Once we pass this grid into the solver, then we need to add a method for computing desired step size which gets called at each step of the integration. Probably something like the following would work...

>>> np.diff(grid, 1)
array([ -2.09395679e+01,  -1.65549129e+01,  -1.30883856e+01,
        -1.03477342e+01,  -8.18096341e+00,  -6.46790502e+00,
        -5.11355366e+00,  -4.04279762e+00,  -3.19625327e+00,
        -2.52697164e+00,  -1.99783470e+00,  -1.57949675e+00,
        -1.24875695e+00,  -9.87272643e-01,  -7.80542018e-01,
        -6.17099892e-01,  -4.87881841e-01,  -3.85721492e-01,
        -3.04953078e-01,  -2.41097221e-01,  -1.90612505e-01,
        -1.50699070e-01,  -1.19143336e-01,  -9.41952363e-02,
        -7.44711608e-02,  -5.88772215e-02,  -4.65485858e-02,
        -3.68015130e-02,  -2.90954352e-02,  -2.30029768e-02,
        -1.81862529e-02,  -1.43781301e-02,  -1.13674118e-02,
        -8.98712488e-03,  -7.10525977e-03,  -5.61744907e-03,
        -4.44117951e-03,  -3.51121571e-03,  -2.77598231e-03,
        -2.19470361e-03,  -1.73514216e-03,  -1.37181089e-03,
        -1.08455962e-03,  -8.57457520e-04,  -6.77909620e-04,
        -5.35958275e-04,  -4.23730928e-04,  -3.35003503e-04,
        -2.64855217e-04])

...which means that the new method would look something like...

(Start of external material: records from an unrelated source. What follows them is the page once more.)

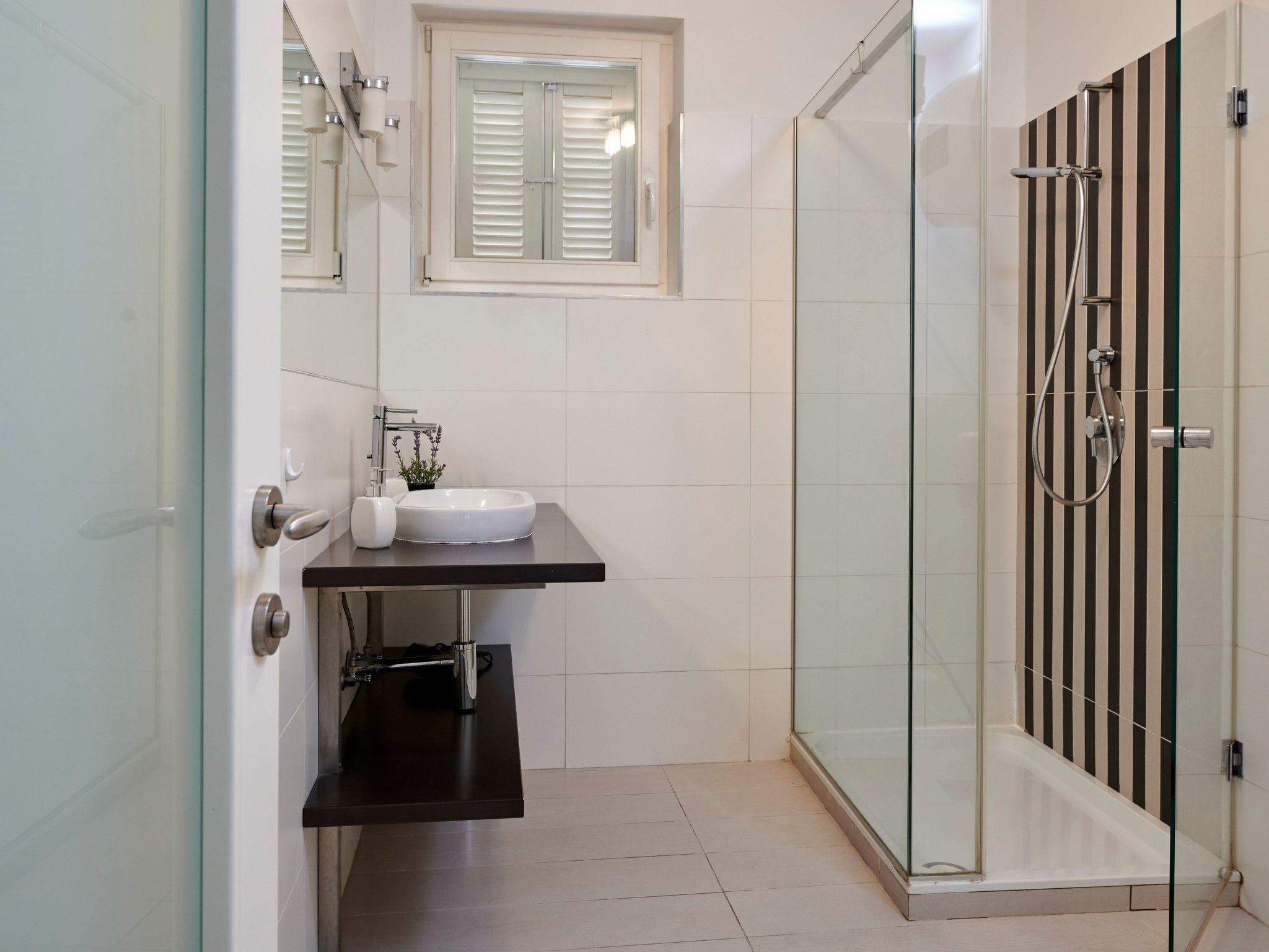 Beide Erdgeschoss-Wohnungen (diese und Erdgeschoss Weiß-Details Luxus-Apartment Gea) haben ihre privaten Ausgänge zu gated Innenhof mit ihren privaten Sitzbereich.
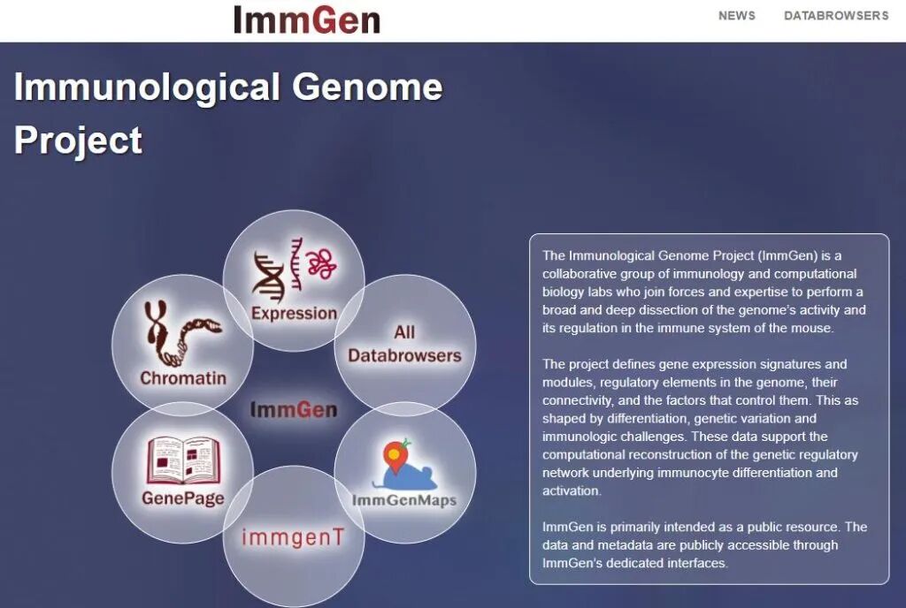 Immunological Genome Project”免疫基因组计划(ImmGen)是一个小鼠免疫百科全书平台。其核心目标是通过高通量基因组学技术,深度解析基因组在免疫系统中的活性与调控机制。该项目不仅定义了不同免疫细胞类型的基因表达“签名”和协同工作的基因“模块”,还致力于寻找控制基因开关的调控元件(如启动子、增强子),并研究这些元件之间的连接方式以及控制它们的转录因子。这种系统性的研究方法,旨在构建一个全面的分子图谱,从而为理解免疫系统的复杂性提供坚实的基础。
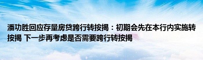 潘功胜回应存量房贷跨行转按揭:初期会先在本行内实施转按揭 下一步再考虑是否需要跨行转按揭
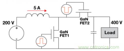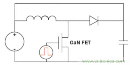 當GaN FET關(guan)閉(bi)時(shi),電(dian)感(gan)器(qi)電(dian)流(liu)通(tong)過(guo)一(yi)個(ge)二(er)極(ji)管(guan)再(zai)次(ci)流(liu)至(zhi)輸(shu)入(ru)端(duan),這(zhe)就(jiu)免(mian)除(chu)了(le)對(dui)負(fu)載(zai)電(dian)阻(zu)器(qi)的(de)需(xu)要(yao),並(bing)且(qie)能(neng)夠(gou)達(da)到(dao)節(jie)能(neng)的(de)目(mu)的(de)。這(zhe)個(ge)單(dan)元(yuan)與(yu)處(chu)於(yu)連(lian)續(xu)電(dian)流(liu)模(mo)式(shi)下(xia)的(de)電(dian)感(gan)器(qi)一(yi)同(tong)運(yun)行(xing)。由(you)於(yu)目(mu)標(biao)是(shi)開(kai)關(guan)變(bian)換(huan),通(tong)過(guo)使(shi)用(yong)短(duan)占(zhan)空(kong)比(bi),可(ke)以(yi)達(da)到(dao)節(jie)能(neng)的(de)目(mu)的(de)。這(zhe)個(ge)元(yuan)件(jian)能(neng)夠(gou)改(gai)變(bian)施(shi)加(jia)的(de)電(dian)壓(ya)、電流、頻率,以及器件所處環境的溫度。額外的漏電流(圖4)由二極管電容提供。
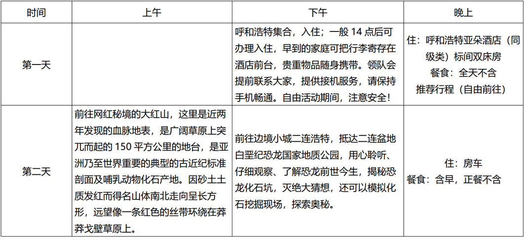 活动地点:大红山、二连盆地白垩纪恐龙国家地质公园、二连浩特,乌兰哈达火山、黄花沟、圣水梁、恼包村、非遗小镇、哈素海、夜鸣沙
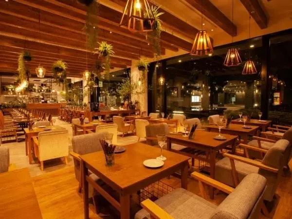 天然木素材を多用した店内は、たくさんのフレッシュグリーンに彩られたナチュラル空間。人気は『骨付きチキン付!やさいの王様スープカレー』や『たっぷり彩野菜のファーマーズサラダピザ』など。ランチタイムの食事には平日・週末ともに無料のドリンクバーがついています。月替わりのクラフトビールややさいのお酒など、ドリンクメニューも充実しています。
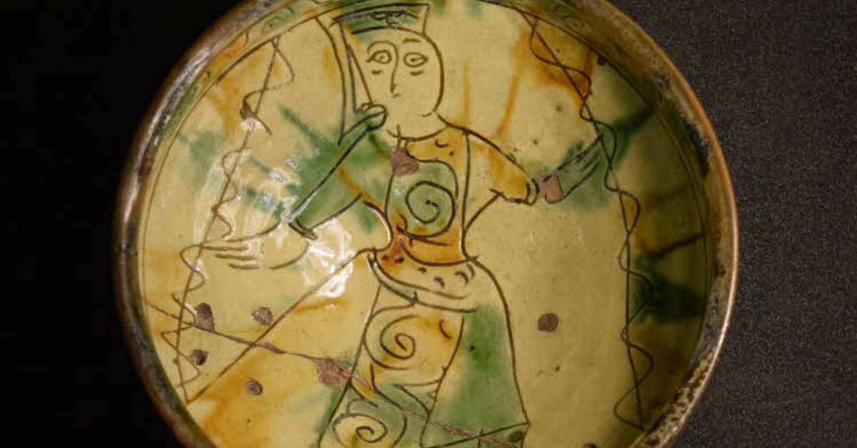 This bowl, dating to the 14th-15th century CE, features a stylized figure of a woman. It is glazed on the inside, and partially on the outside. Made in Cyprus. Discovered in Cyprus. Measures 6.4 cm in height and 16.3 cm in diameter. (British Museum, London)
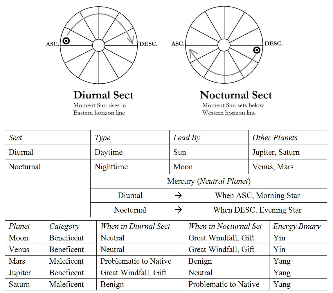 The celestial bodies may tend to act differently depending on which sect they’re in. There’s microscopic analysis of individual parts and then there’s macroscopic analysis of how the various parts interact with one another (i.e., aspects) and even patterns that the celestial bodies form on the chart.
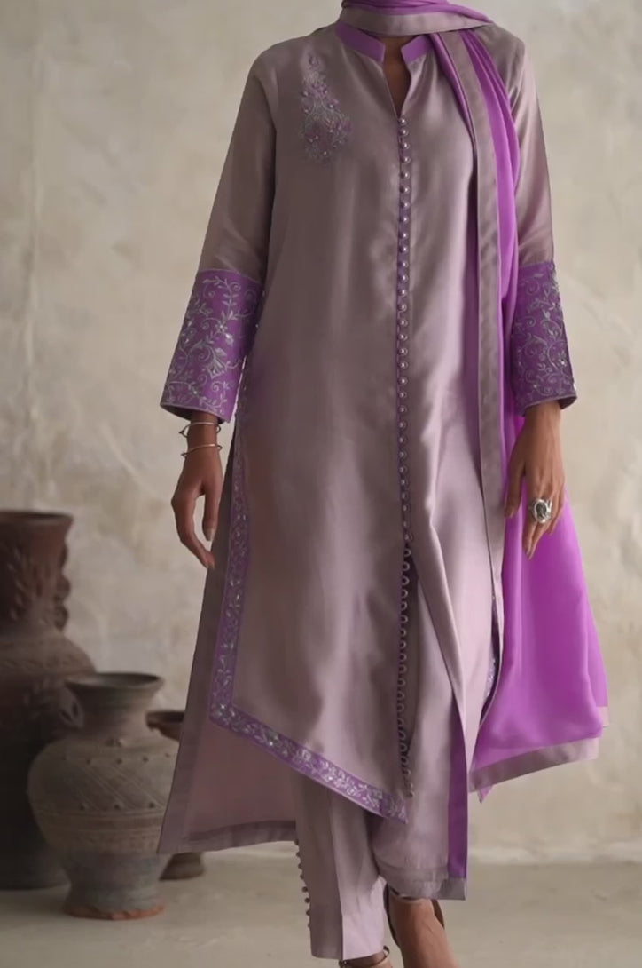 Combination of light and dark lavender color. A symmetrical silk shirt straight pants and dupatta.
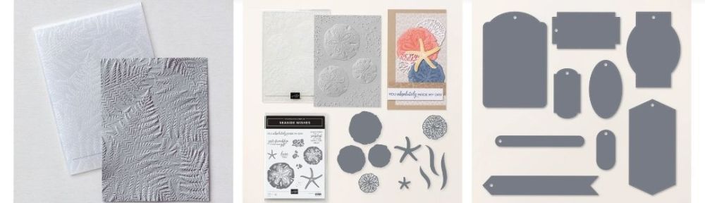 Seaside Wishes. I hoped we would have it one more year. This goes into my FOREVAH stash, especially with that hybrid embossing folder. Don’t wait, this one is already on low inventory.

def _compute_step_size(self, grid):
    return np.diff(grid, 1)

This method should then get called outside the while loop to compute the step sizes.

step_sizes = self._compute_step_size(grid)

Then within the while loop one would just select the next step size in the sequence where appropriate.

crisla commented 9 years ago

That sounds great! Do you think this maybe has to do with the fact that the collocation solver was not so good at points close to zero? Maybe we needed to feed it more small values?

davidrpugh commented 9 years ago

@crisla

I don't think this is the problem with the collocation solver. For the most part I was using Chebyshev polynomials which automatically leads to more knots being placed near the "edges" of the domain. I will get back to the collocation solver later this week.

Let me know how you get on with using the new functionality I added in PR #21.